In wrestling with this chapter, I gained greater insight into the importance and urgency of our calling as school librarians. In reality, we are pitched into battle on the frontline of the assault on what Jonathan Rauch (2021) terms the Constitution of Knowledge, which is the epistemological operating system of our democracy. This view may seem somewhat extreme from the relative comfort of our school libraries, but evidence continues to mount. Having just observed Banned Books Week – with PEN America, for example, reporting 1,648 unique book titles banned in schools between July 2021 and June 2022, with the rate increasing – we might be tempted to view this assault solely in terms of the books themselves. This, however, misses the real threat, which is an assault on the underlying knowledge-building, or inquiry, process.
As school librarians, then, we serve the Constitution of Knowledge in two vital ways. Firstly, we secure physical access to the growing body of knowledge of reality – as uncovered by the academic disciplines/ subjects and – held in our collections. Secondly, we educate our students in the inquiry process that grows this body of knowledge, so that they become knowledge-able – able, that is, to intellectually access this body of knowledge, and utilise it – thereby strengthening the “reality-based community of error-seeking inquirers” (Rauch) that upholds and is upheld by the Constitution of Knowledge.
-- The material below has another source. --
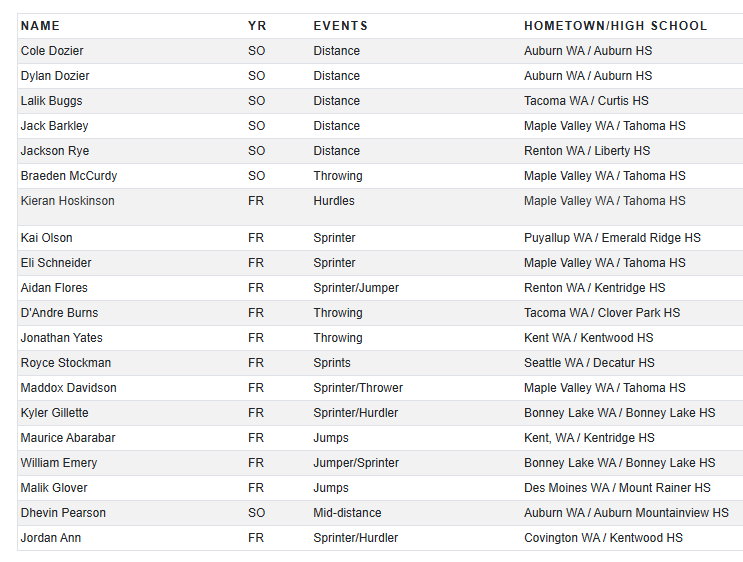 2025-2026 Gator Men's Track & Field Roster

Failure to do so, as Dallas Willard (1999) warns, leaves us vulnerable to “desire and will/ brute force…as social processes come to be managed by people who simply know how to get their way among a mass of those who no longer believe that they can, with the aid of their culture’s texts and the traditional disciplines, determine how things are…regardless of how anyone wishes them to be or how people with social authority present them”.
The revolution will not be televised.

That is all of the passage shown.